EXERCISE INPUT:
________________________

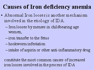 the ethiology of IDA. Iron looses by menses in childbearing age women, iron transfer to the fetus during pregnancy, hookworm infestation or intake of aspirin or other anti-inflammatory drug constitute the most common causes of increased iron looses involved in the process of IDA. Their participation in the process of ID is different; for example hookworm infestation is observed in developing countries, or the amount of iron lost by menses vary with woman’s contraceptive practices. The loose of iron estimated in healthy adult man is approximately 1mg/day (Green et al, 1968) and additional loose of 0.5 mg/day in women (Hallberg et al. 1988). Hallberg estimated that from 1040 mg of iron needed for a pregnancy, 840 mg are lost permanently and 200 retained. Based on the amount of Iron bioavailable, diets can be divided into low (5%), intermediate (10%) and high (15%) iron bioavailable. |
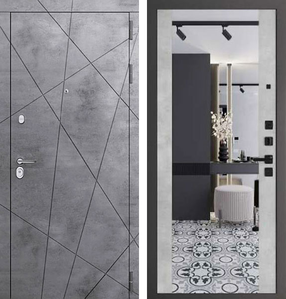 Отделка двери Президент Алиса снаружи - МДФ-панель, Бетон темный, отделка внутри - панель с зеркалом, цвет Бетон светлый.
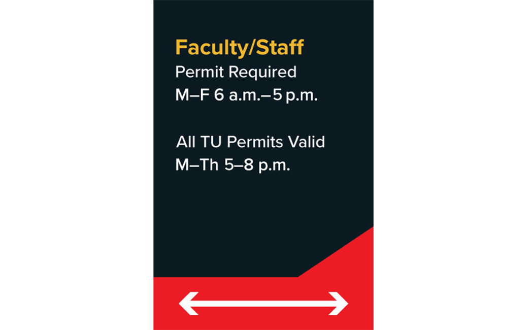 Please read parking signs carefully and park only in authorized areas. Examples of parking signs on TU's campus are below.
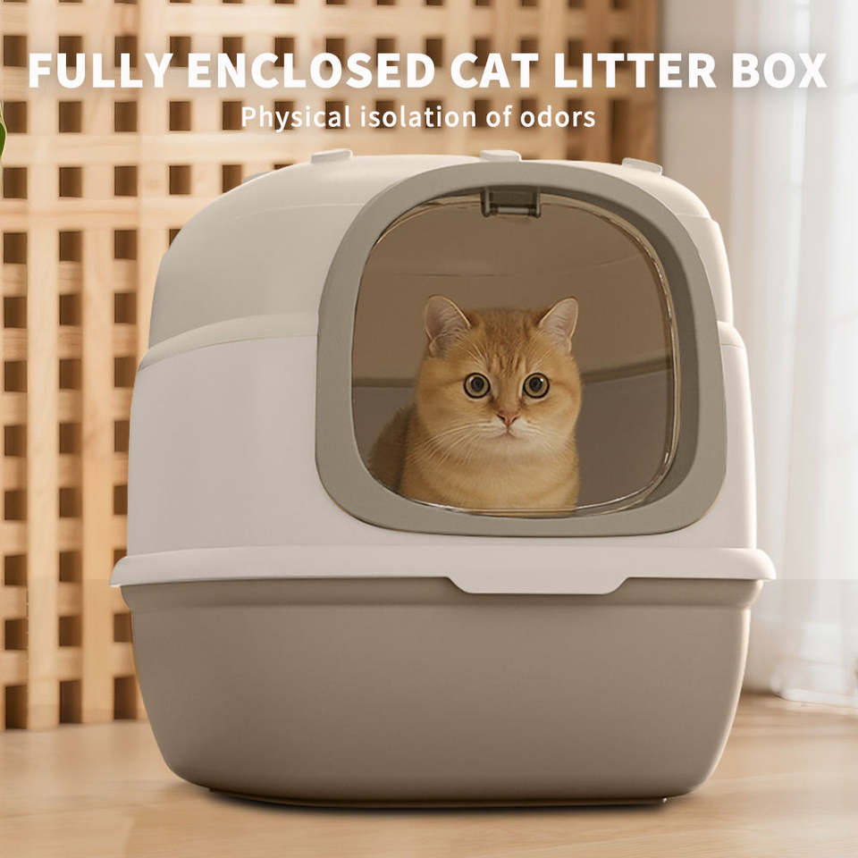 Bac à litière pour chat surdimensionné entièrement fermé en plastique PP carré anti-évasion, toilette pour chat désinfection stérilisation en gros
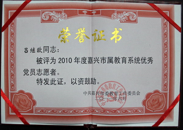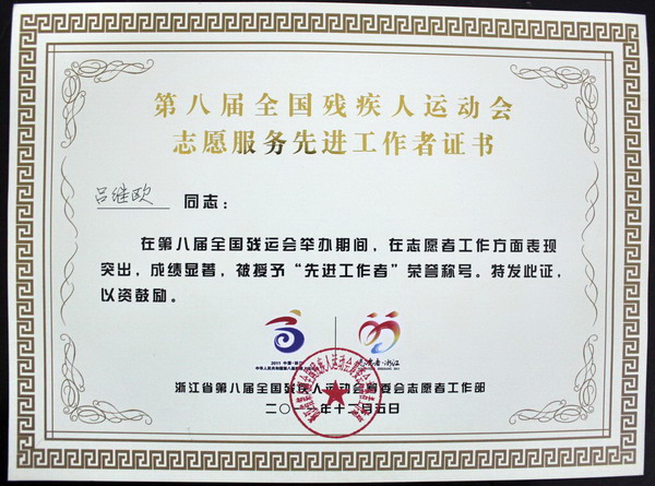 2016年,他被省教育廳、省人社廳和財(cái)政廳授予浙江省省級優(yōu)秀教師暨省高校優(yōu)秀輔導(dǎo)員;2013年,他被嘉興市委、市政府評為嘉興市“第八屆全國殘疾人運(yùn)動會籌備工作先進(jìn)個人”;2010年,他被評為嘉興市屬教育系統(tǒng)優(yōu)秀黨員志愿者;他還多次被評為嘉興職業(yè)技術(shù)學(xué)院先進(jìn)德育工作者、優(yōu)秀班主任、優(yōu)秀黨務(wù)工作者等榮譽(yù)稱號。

________________________

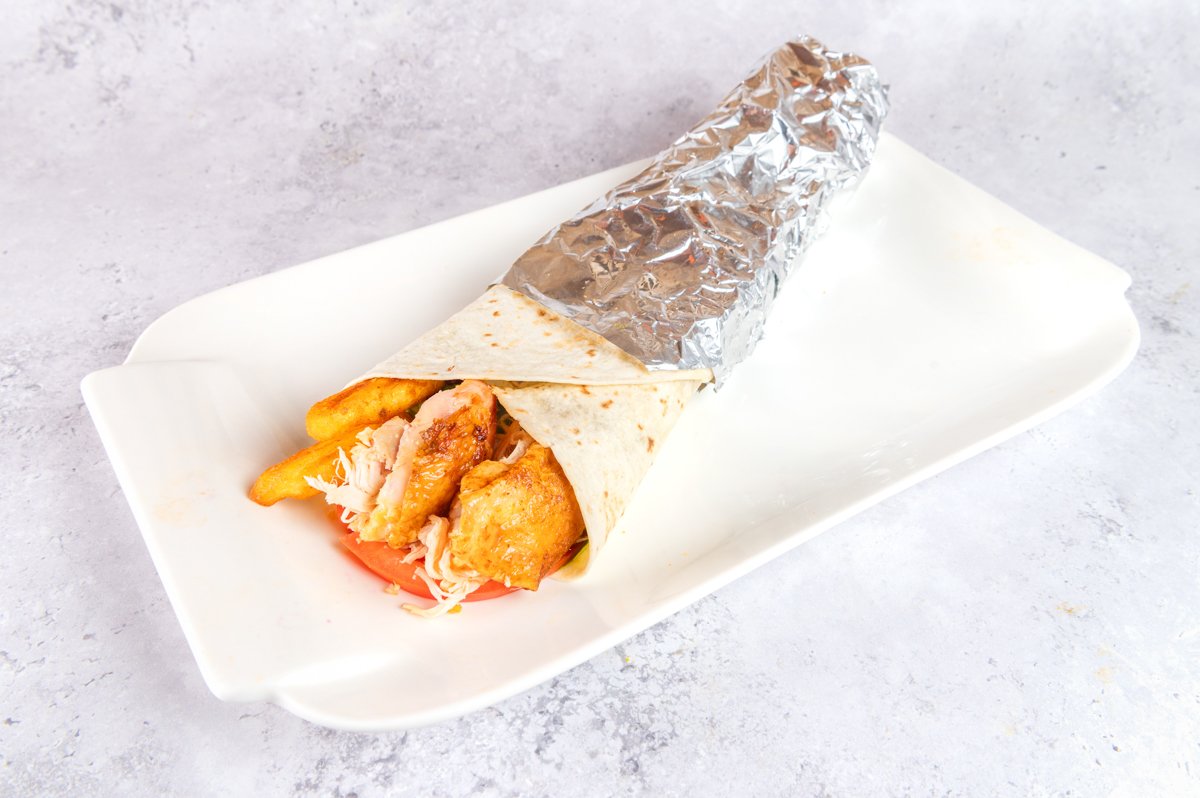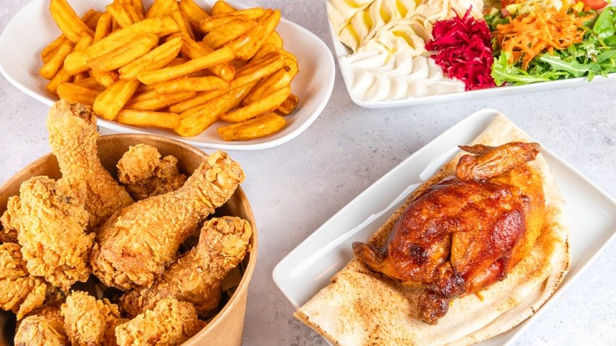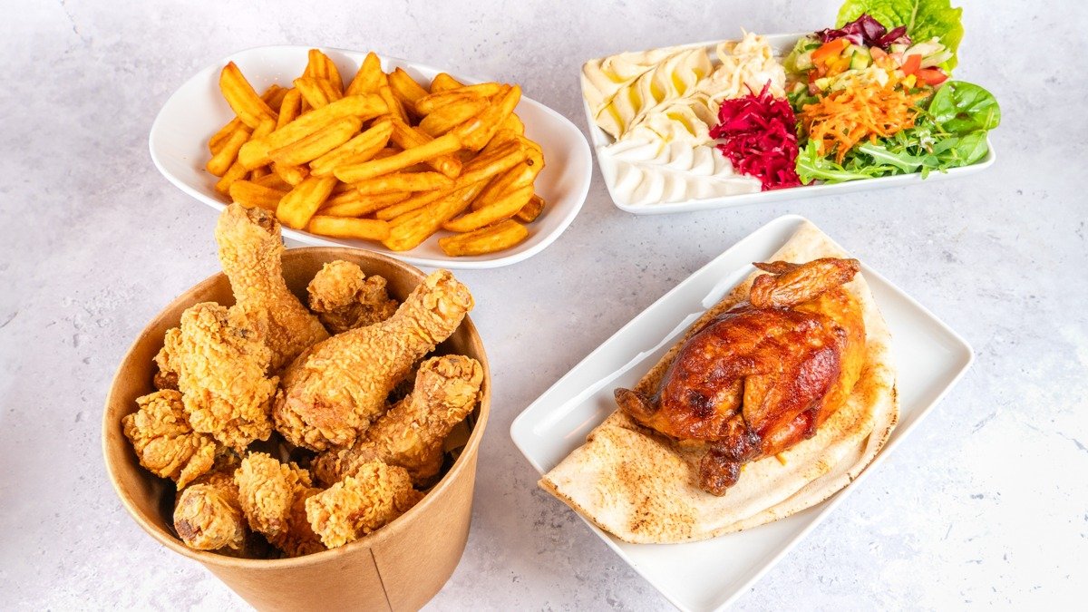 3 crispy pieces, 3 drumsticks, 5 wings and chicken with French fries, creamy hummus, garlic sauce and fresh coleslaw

________________________

TASK DESCRIPTION: From the records above, transcribe exactly the lines starting at the one containing "the ethiology of" and ending at the one containing "Please read parking". Skip the pictures.

EXERCISE ANSWER:
 the ethiology of IDA. Iron looses by menses in childbearing age women, iron transfer to the fetus during pregnancy, hookworm infestation or intake of aspirin or other anti-inflammatory drug constitute the most common causes of increased iron looses involved in the process of IDA. Their participation in the process of ID is different; for example hookworm infestation is observed in developing countries, or the amount of iron lost by menses vary with woman’s contraceptive practices. The loose of iron estimated in healthy adult man is approximately 1mg/day (Green et al, 1968) and additional loose of 0.5 mg/day in women (Hallberg et al. 1988). Hallberg estimated that from 1040 mg of iron needed for a pregnancy, 840 mg are lost permanently and 200 retained. Based on the amount of Iron bioavailable, diets can be divided into low (5%), intermediate (10%) and high (15%) iron bioavailable. |
 Отделка двери Президент Алиса снаружи - МДФ-панель, Бетон темный, отделка внутри - панель с зеркалом, цвет Бетон светлый.
 Please read parking signs carefully and park only in authorized areas. Examples of parking signs on TU's campus are below.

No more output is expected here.